I'm trying to merge 2 DataFrames following Pandas Merging 101 .
To train, I tried on 2 smalls Dataframe:
df1
A B C
0 4 64 51
1 7 1 6
2 47 21 56
3 96 16 4
4 2 6 4
df2
A B C D
0 8 6 8 7
1 7 1 14 5
2 8 8 8 8
3 96 16 32 4
I want to check all values of columns A
and B
of df1
, if they correspond to columns A
and B
of df2
, then I create a new column D
in dataFrame df2
that correspond to the value of D
. If the values does not correspond to any rows in df2
then I store Nan.
I used this:
df3= df1.merge(df2[['A', 'B','D']], on= ['A', 'B'], how= 'left')

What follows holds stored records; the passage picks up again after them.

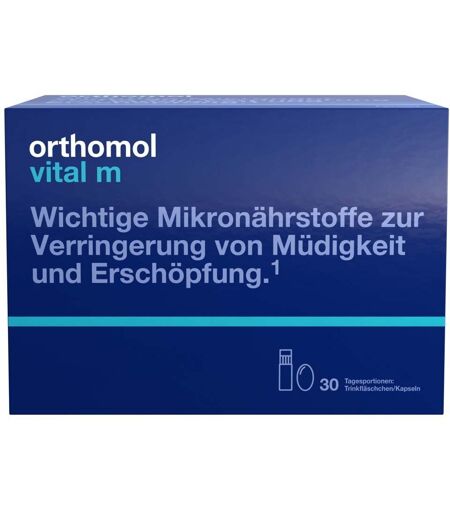 Nahrungsergänzungsmittel sind kein Ersatz für eine ausgewogene und abwechslungsreiche Ernährung und eine gesunde Lebensweise. Orthomol Vital m Orthomol Vital m ist eine umfassend formulierte Mikronährstoffkombination und enthält über 25 spezifische Nährstoffe. Mit Vitamin B12 und Magnesium zur Verringerung von Müdigkeit und Erschöpfung sowie als Beitrag zu einem normalen Energiestoffwechsel. Müdigkeit und Erschöpfung im Alltag Unser Alltag wird immer schnelllebiger. Phasen hoher Belastung reihen sich aneinander, egal ob beruflich oder privat. Das Resultat: Man fühlt sich müde und erschöpft. Gerade jetzt ist es umso wichtiger, auf eine ausgewogene Mikronährstoffversorgung zu achten. Orthomol Vital m ist ein Nahrungsergänzungsmittel. Es enthält wichtige Mikronährstoffe u. a. Vitamin B12 und Magnesium zur Verringerung von Müdigkeit und Erschöpfung sowie Omega-3-Fettsäuren. Orthomol Vital m Orthomol Vital m ist eine umfassend formulierte Mikronährstoffkombination und enthält über 25 spezifische Nährstoffe. Mit Vitamin B12 und Magnesium zur Verringerung von Müdigkeit und Erschöpfung sowie als Beitrag zu einem normalen Energiestoffwechsel. Müdigkeit und Erschöpfung im Alltag Unser Alltag wird immer schnelllebiger. Phasen hoher Belastung reihen sich aneinander, egal ob beruflich oder privat. Das Resultat: Man fühlt sich müde und erschöpft. Gerade jetzt ist es umso wichtiger, auf eine ausgewogene Mikronährstoffversorgung zu achten. Orthomol Vital m ist ein Nahrungsergänzungsmittel. Es enthält wichtige Mikronährstoffe u. a. Vitamin B12 und Magnesium zur Verringerung von Müdigkeit und Erschöpfung sowie Omega-3-Fettsäuren. Die Vital-Formel für mehr Energie Orthomol Vital m versorgt Dich jeden Tag mit wichtigen Mikronährstoffen. Hierzu gehört u. a. der gesamte Vitamin-B-Komplex inkl. 450 µg Vitamin B12 je Tagesportion. Es enthält Omega-3-Fettsäuren sowie weitere Vitamine und Mineralstoffe. Bei Müdigkeit und Erschöpfung. Für mehr Energie im Alltag.1 B-Vitamine – komplex und wichtig für die Nerven Vitamin B, vor allem Vitamin B12, gilt als Nahrung“ für die Nerven. Es sorgt für eine normale Nervenfunktion und unterstützt zudem den Energiestoffwechsel. Ein ausgeglichener Vitamin-B12-Spiegel kann zudem Müdigkeit und Erschöpfung verringern. Personengruppe, die besonders auf ihre Vitamin-B-Versorgung achten sollten Unterschiedliche Darreichungsformen und Geschmacksrichtungen Orthomol Vital m ist in drei Darreichungen erhältlich: Als Granulat zum Auflösen, als Tabletten/Kapseln sowie als praktische Trinkfläschchen. Entscheide selbst, was am besten zu Dir passt. Das Granulat ist zudem in zwei unterschiedlichen Geschmacksrichtungen erhältlich: Orange und Grapefruit. Deine tägliche Unterstützung. Die praktischen Tagesportionen ermöglichen Dir eine einfache und unkomplizierte Einnahme und lassen sich optimal in den Alltag integrieren. Da Mikronährstoffe täglich vom Körper benötigt werden, ist eine regelmäßige Verwendung über einen längeren Zeitraum empfehlenswert.... ...
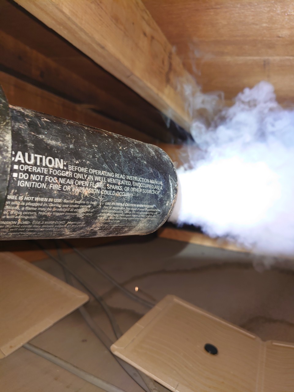 まずは、燻煙剤と呼ばれる薬剤を天井裏や床下に投入することで、ネズミを追い出していきます。
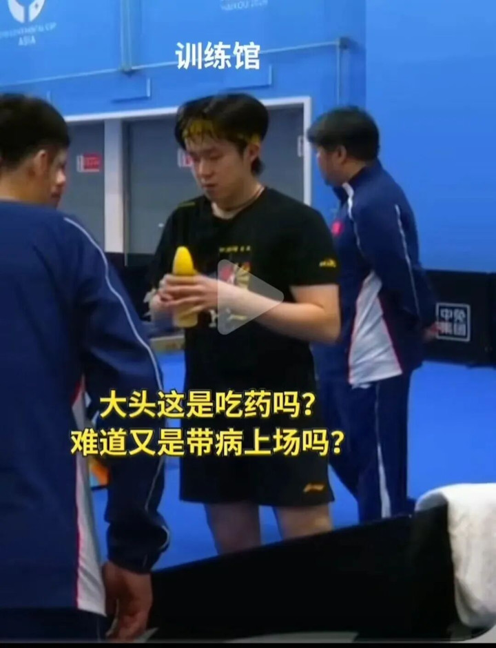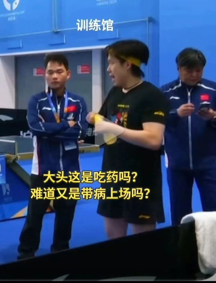 视频中,王楚钦先是接过牛冠凯递出的瓶盖子,再是直接倒进嘴里,之后又接过水来仰头咽下,和大家平时喝药的动作完全一样。
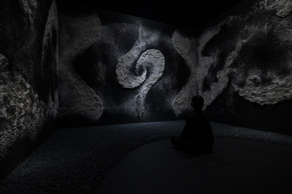 展示会場に暗室をつくり、5m×5m×5mの空間全体で表現している。幅5m×高さ3.6mの壁画が3面描かれている。鑑賞者は座って作品をみることができる。
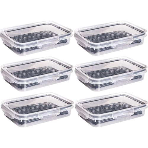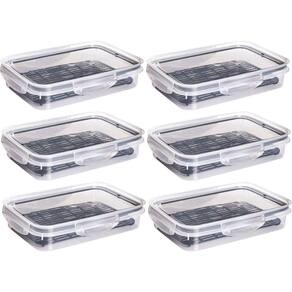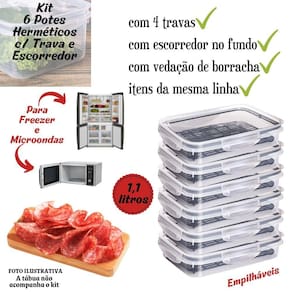 Conjunto com 6 potes plásticos com capacidade para 1,1 litros. Possuem silicone na tampa e travas laterais para uma melhor vedação e conservação do alimento. Seu escorredor inferior mantém os alimentos longe do contato com resíduos que podem se formar no fundo. Produzido em material atóxico, pode ser utilizado no freezer e no micro-ondas.

And this give me the expected output
OUTPUT:
df3
A B C D
0 4 64 51 NaN
1 7 1 6 5.0
2 47 21 56 NaN
3 96 16 4 4.0
4 2 6 4 NaN
Now I tried the same procedure but on real world datasets:
df1.shape -> (1000, 92)
df2.shape -> (1744, 22)
df3= df1.merge(df2[['NUM_WB', 'WB','TENSION', 'COURANT']], on= ['NUM_WB', 'WB','TENSION'], how= 'left')
df3.shape -> (72162, 93)
I expected df3 to have the same number of rows as df1. How to explain this?